Effect of white noise: (1) soothing effect: relieving insomnia symptoms, concentrating attention, and stopping crying of infants, due to similarity between white noise and noisy sound in uterus; (2) shadowing effects: other noise is attenuated (neutralized), creating "false quietness". However, the points to be noted are: (1) The white noise of nature is the first choice, and no harm or side effect exists; (2) Artificially manufactured white noise cannot be used every day, and certain dependence can be generated; (3) When artificially made white noise is used, a sound source is far away from a user and an infant as much as possible, and the volume is reduced; (4) it is not preferable to listen to white noise with a headphone.
The generation mechanism of noise is roughly classified into three types: thermal noise, shot noise, and cosmic noise. The thermal noise is caused by the irregular movement of free electrons in passive devices such as resistors, feeders and the like, and the movement is more violent when the temperature is higher; shot noise is caused by non-uniformity of electron emission in active devices such as vacuum tubes and semiconductor devices (in circuits, the effective value of shot noise voltage is much larger than that of thermal noise, and thermal noise can be disregarded when both shot noise and thermal noise are present); cosmic noise is caused by cosmic celestial radiation to the receiver and is not normally used to generate noise.
The existing white noise generation methods are roughly divided into three types: physical, digital and mechanical methods.

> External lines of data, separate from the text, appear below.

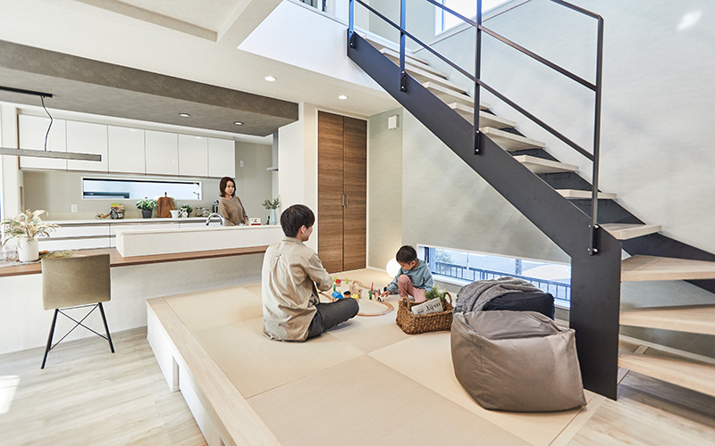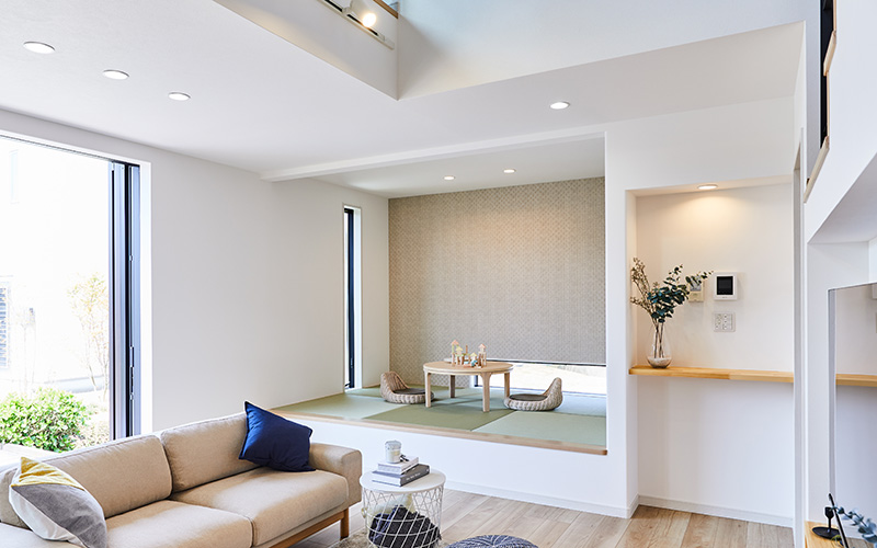 リビングとつながる和室は、子どもの遊び場や家事スペースなど多目的に活用したい場合におすすめ!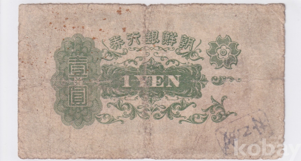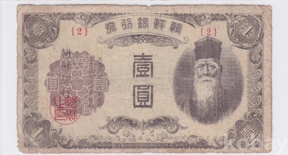 - 조선은행 1945년 을 일원 판번호 2번 사용제 지폐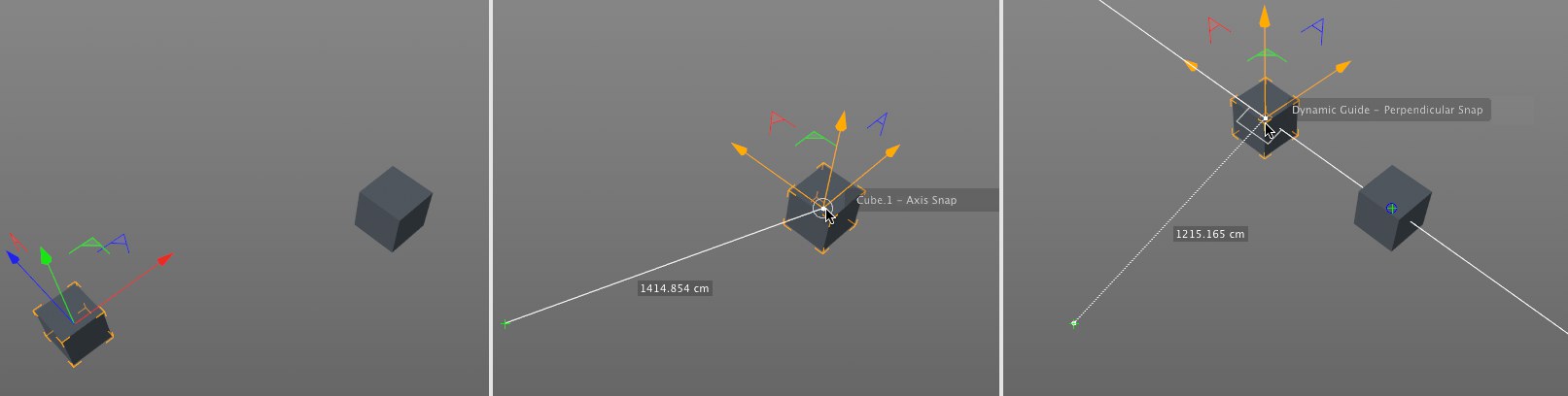 - Faites glisser le cube sélectionné au-dessus du centre du cube droit en appuyant sur le bouton de la souris et tenez-le pendant une demi seconde au moins (Magnétisme de l’axe sera ensuite affiché) pour créer un point guide.

The physical method comprises the following steps: there is an invention patent, named white noise generator as shown in fig. 1 (a), which is a white noise generator of MOSFET operating in its linear region and having zero source-drain DC bias current.

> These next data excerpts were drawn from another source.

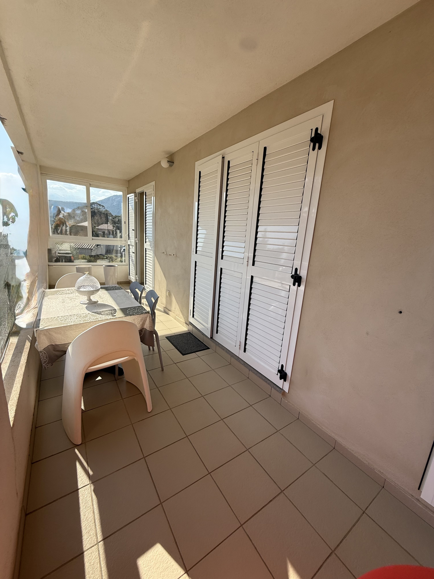 Il se compose d'une entrée avec terrasse et placard, une cuisine séparée et équipée (possiblité de l'ouvrir facilement sur le séjour), séjour donnant sur la grande terrasse couverte de 18 m2 avec aperçu sur la citadelle.
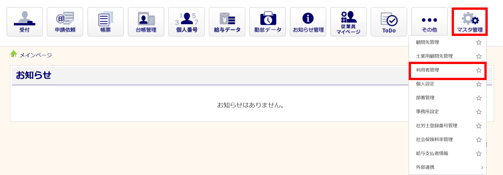 [マスタ管理]>[利用者管理]をクリックします。
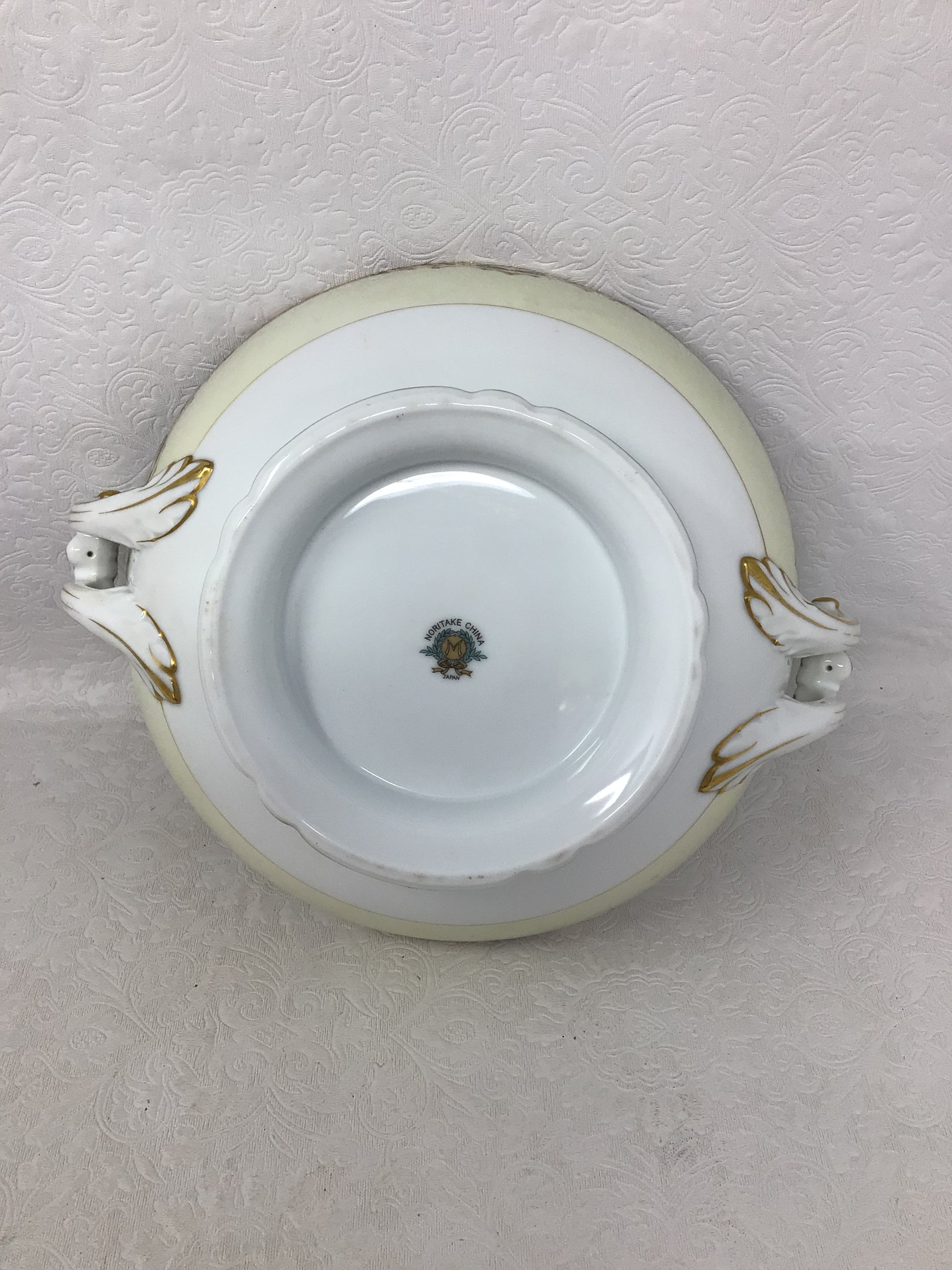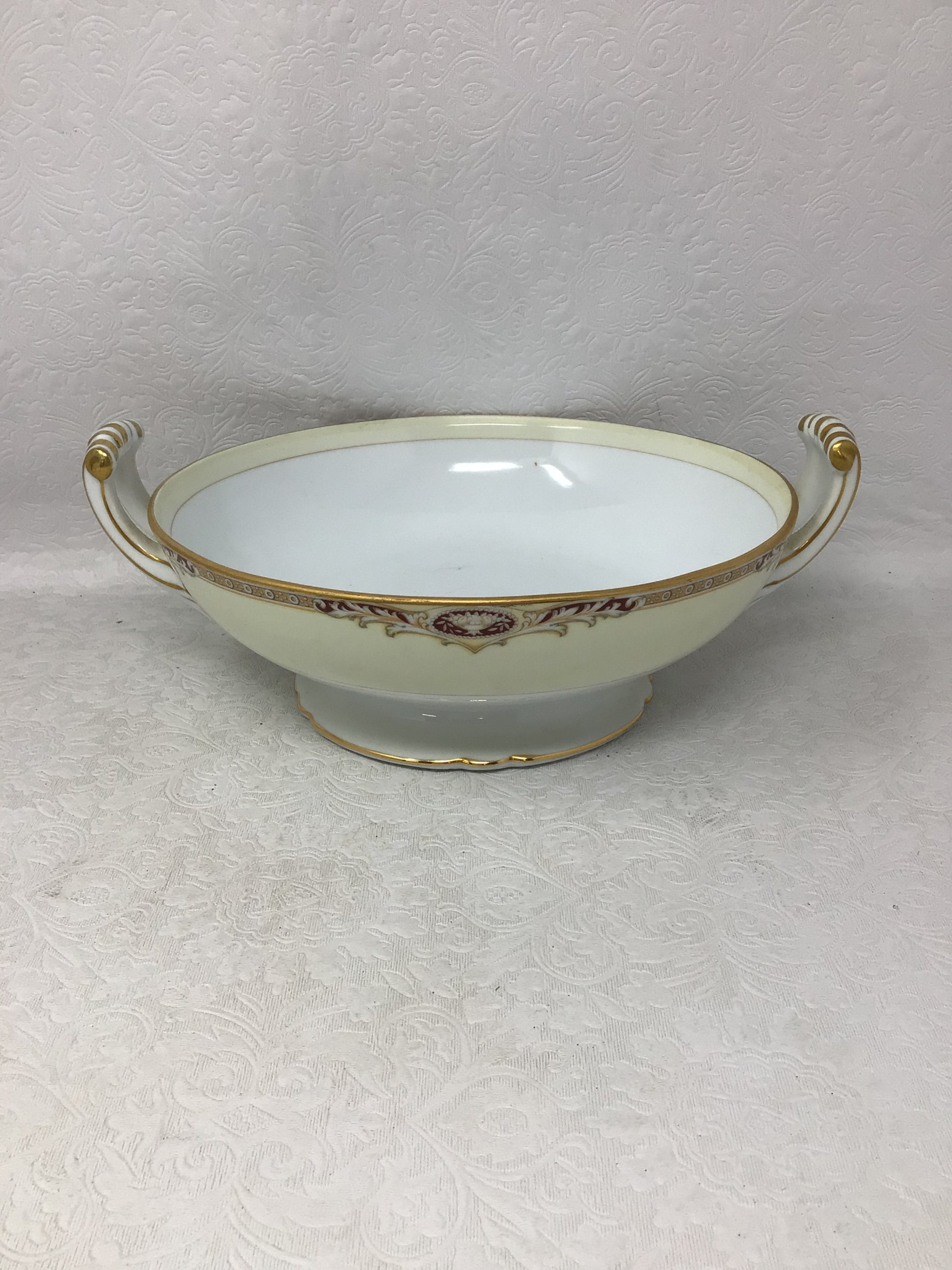 Vintage Noritake Handled Bowl. This beautiful porcelain bowl has handles and gold details. It could be used as a fruit bowl or to serve food. In good condition.

The digital method comprises the following steps: there are several utility model patents, as shown in fig. 1 (b), named as "white noise generator", as shown in fig. 1 (c), "gaussian white noise generator", as shown in fig. 1 (d), "white noise generator based on orthogonal frequency division multiplexing", etc., and the idea is to generate pseudo-random sequence (m sequence) first and then convert it into white noise.

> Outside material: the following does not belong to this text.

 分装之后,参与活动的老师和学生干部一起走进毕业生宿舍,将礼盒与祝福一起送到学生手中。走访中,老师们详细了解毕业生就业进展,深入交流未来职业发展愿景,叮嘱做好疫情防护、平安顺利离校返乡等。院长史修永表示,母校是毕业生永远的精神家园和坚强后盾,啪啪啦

The mechanical method comprises the following steps: there are several utility model patents, as shown in fig. 1 (e), named as "a mechanical white noise sleeping apparatus", etc., which drive a fan by a motor to generate mechanical noise.
The existing digital method generates white noise, namely, a pseudo-random sequence is generated firstly, and then subsequent processes such as digital-to-analog conversion and the like are carried out, naturally, the quality of the generated white noise is determined by the quality of the sequence randomness, however, the name of the sequence can show that the generated sequence is pseudo-random, namely, the sequence is obtained by a starting seed and a fixed recursion algorithm, or the sequence has a period which is long, the sequence is random when a short period of time is taken, and the sequence starts to circulate when the time exceeds the period. The pseudo-randomness of the sequence limits the quality of the white noise produced and its applicability.
Disclosure of Invention
Aiming at the defects in the prior art, the invention provides a white noise generation method based on an adjustable heterojunction, which is a method for generating a true random number, is used for a white noise generator and can improve the quality of generating white noise.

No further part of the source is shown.